Jugendamt: Keine Teilung mit Altena oder Neuenrade

WERDOHL ▪ Eine Zusammenarbeit zwischen zwei Städten im Bereich des Jugendamtes ist aus gesetzlichen Gründen nicht möglich. Das erklärte auf Nachfrage Bodo Schmidt als stellvertretender Fachbereichsleiter für Soziales, Jugend und Ordnung.

Der SPD-Fraktionsvorsitzende Cornelius Böttcher hatte am Mittwochabend bei der letzten Sitzung der Fraktion in diesem Jahr erklärt, dass er eine Diskussion über das Jugendamt im kommenden Jahr bei der Verabschiedung des Haushaltes Ende Januar erwarte. In seinem Jahresrückblick hatte Böttcher daran erinnert, dass die Gemeindeprüfungsanstalt geprüft hat, ob sich Werdohl weiterhin noch ein eigenes Jugendamt leisten kann. Die Prüfung ist zwar schon abgeschlossen, der Bericht liege aber noch nicht der Verwaltung vor. Das sagte Bodo Schmidt. Vereinbart war, dass der Bericht über das Prüfungsergebnis zuerst innerhalb der Verwaltung diskutiert werde. Danach soll in die politische Beratung eingestiegen werden. Ob das schon im Januar geschehen kann, wenn Mitte des Monats der Haushalt eingebracht wird, ist derzeit noch nicht absehbar.
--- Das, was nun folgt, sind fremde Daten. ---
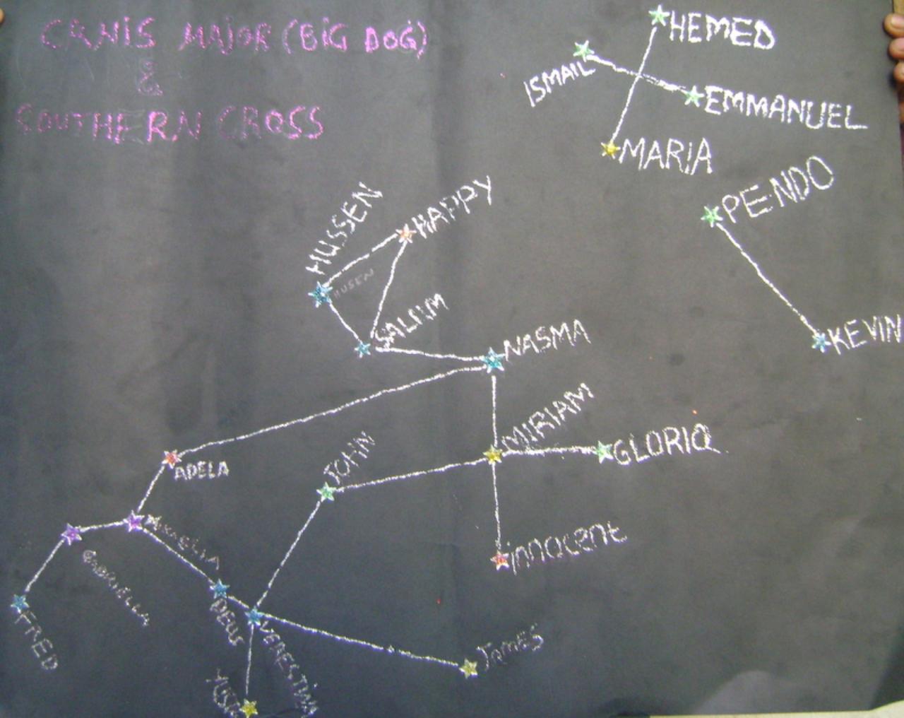 On the 6th June 2010 UNAWE-Tanzania finalized their project with the kids at SOS Children Centre in Dar es Salaam. ‘My Star’ event involved each child of the village. Each child took a star sticker and stuck it on a black paper, which represented a night dark sky and formed a known constellation. Each child who placed a star on the paper wrote his/her name beside that star, which marks participation in the program and a memory to let these kids become more connected to the sky above so that when they find and look onto their respective stars in the sky above, from wherever they are in on the globe.
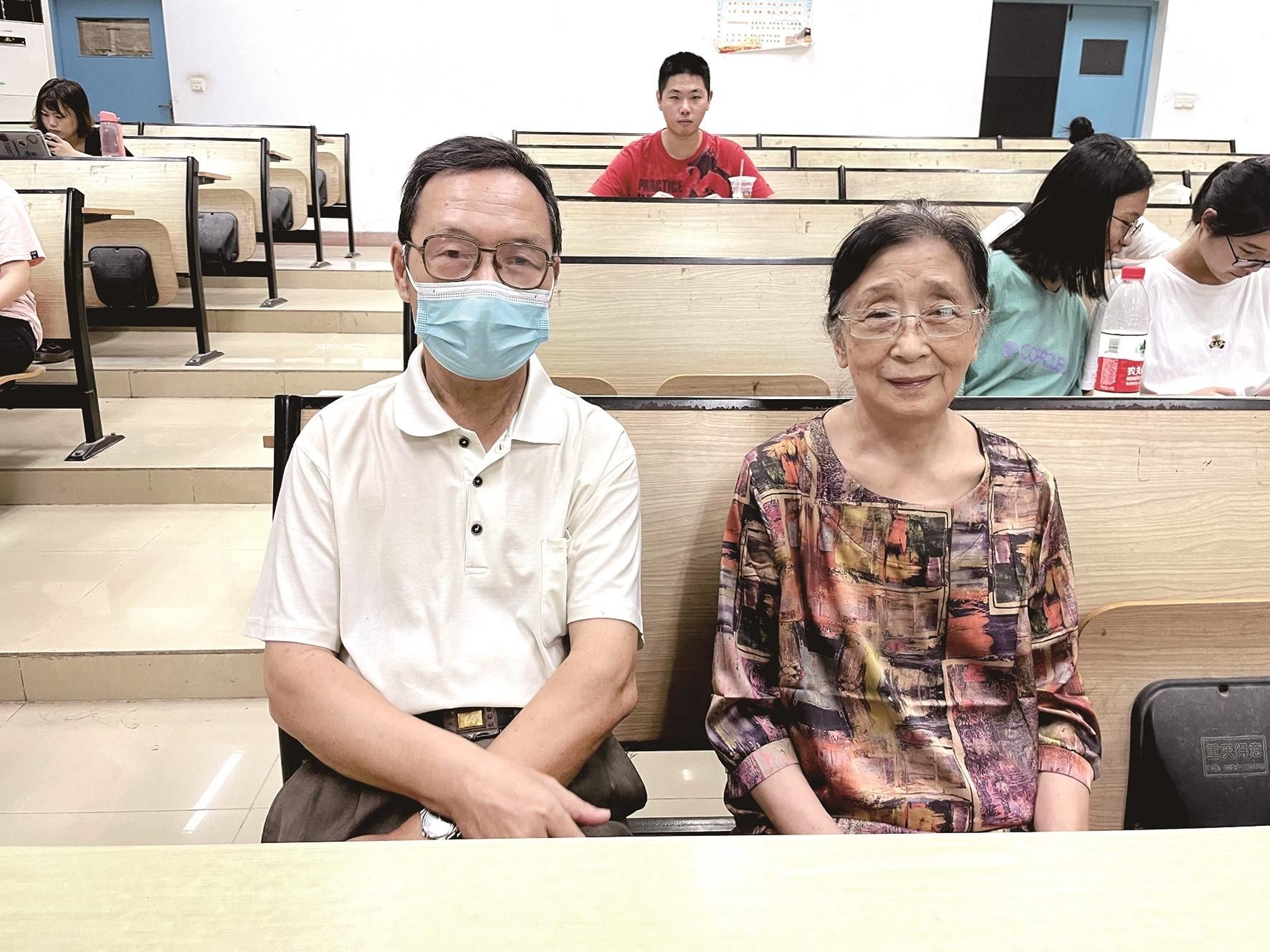 夫妻俩听女儿讲课
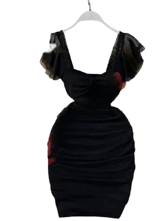 Generic - Women's Elegant Ruched Bodycon Dress, Short Flutter Sleeve, Sweetheart Neckline, Form-Fitting Style up to 65 KG

„Das Thema wird Geschwindigkeit bekommen“, ist sich Bodo Schmidt sicher, auch wenn jetzt noch gar keine Zahlen und Werte vorliegen. Ein paar Gedanken hat sich die Verwaltung aber schon gemacht. Völlig ausgeschlossen sei eine Teilung der hoheitlichen Aufgaben des Jugendamtes mit einer Nachbar-Kommune mit ähnlichen Sorgen. Weder mit Altena noch mit Neuenrade sei in diesem Bereich eine interkommunale Zusammenarbeit denkbar, sagte Schmidt. „Allen uns vorliegenden Informationen des Landesjugendamtes nach ist das nicht möglich.“ Entweder bleibe die Aufgabe bei der Stadt oder sie gehe an den Märkischen Kreis über. Für das Jugendamt geht es um alles oder nichts.

Die Kindergärten blieben zwar in städtischer Trägerschaft, die Kommune würde aber nur noch als ein Träger unter anderen auftreten. Die bisherigen Steuerungs- und Planungsinstrumente wie die Platzbedarfsplanung und -verteilung nach Betreuungsverträgen gingen an den Kreis über. Die Jugendeinrichtungen blieben bei der Stadt, die Steuerung der Angebote ginge ebenfalls nach Lüdenscheid. Für die Arbeit in den Jugendeinrichtungen bekäme die Stadt einen Sockelbetrag, ob der für das bisher gefahrene Angebot ausreiche, sei nicht abzusehen.

Der Kernbereich des Jugendamtes, die Sicherstellung von Kindeswohl und Jugendschutz, kann entweder ganz bei der Stadt bleiben oder komplett an den Kreis abgegeben werden. Ende Oktober wurde bekannt, dass die Stadt 725 000 Euro zusätzlich für die Heimunterbringung aufwenden muss. Insgesamt kostet dieser Posten 2,3 Millionen Euro. Aktuell sei keine Veränderung in Sicht, so Schmidt.

Aus dem politischen Raum war trotz der explodierten Kosten bislang das Signal zu hören, die Aufgabe beizubehalten.